** Opening Given material block **

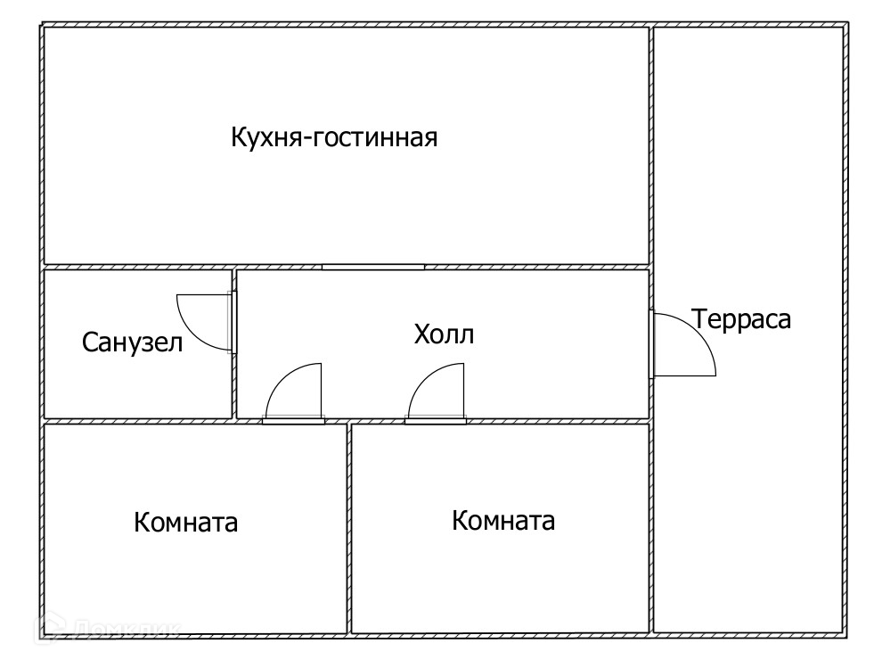 Терраса, просторная прихожая, отдельная кухня-гостиная две спальные комнаты, санузел.
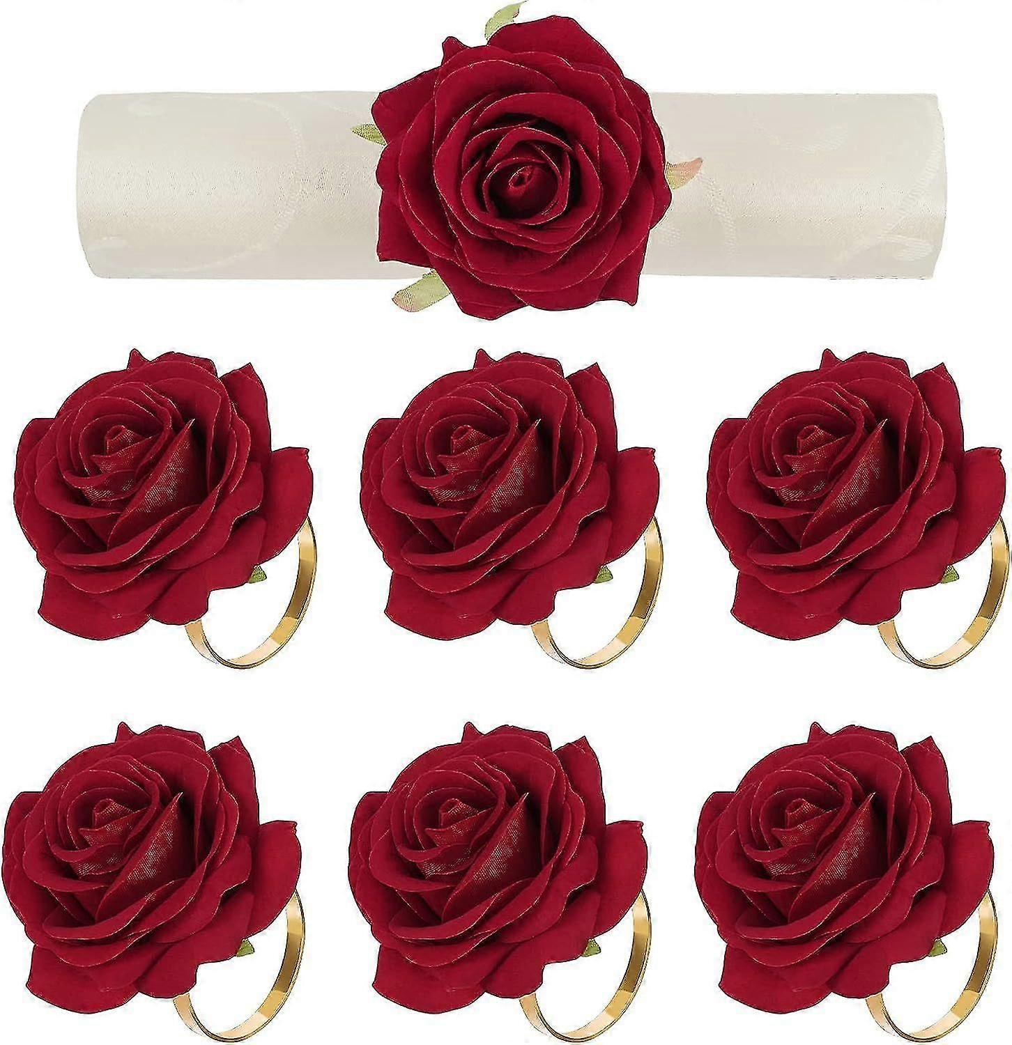 6pcs/set Stylish Napkin Ring Visual Effect Alloy Creative Rose Shape Napkin Clip For Kitchen Qinhai
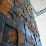O Revestimento Carbon Cimentício imita a madeira queimada, combinando rusticidade, sofisticação e resistência em um design de baixa manutenção.
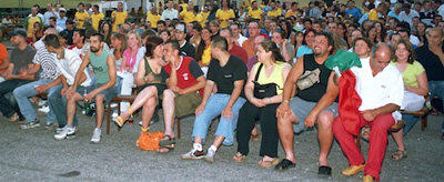Il bar in questione era fuori dal tendone, da lì si poteva solo intravedere mezza spanna della parte inferiore dello schermo. Su 300 persone ero probabilmente l’unico al quale quella mezza spanna sembrava più che sufficiente. A patto di sentire le urla del pubblico: di gioia, di dolore. Molto spesso parolacce.

** Closing Given material block **

Word-for-word restatement: every line from the one with "O Revestimento Carbon" through the final line of the data, both ends included, pictures excluded.

Answer for this exercise:
O Revestimento Carbon Cimentício imita a madeira queimada, combinando rusticidade, sofisticação e resistência em um design de baixa manutenção.
Il bar in questione era fuori dal tendone, da lì si poteva solo intravedere mezza spanna della parte inferiore dello schermo. Su 300 persone ero probabilmente l’unico al quale quella mezza spanna sembrava più che sufficiente. A patto di sentire le urla del pubblico: di gioia, di dolore. Molto spesso parolacce.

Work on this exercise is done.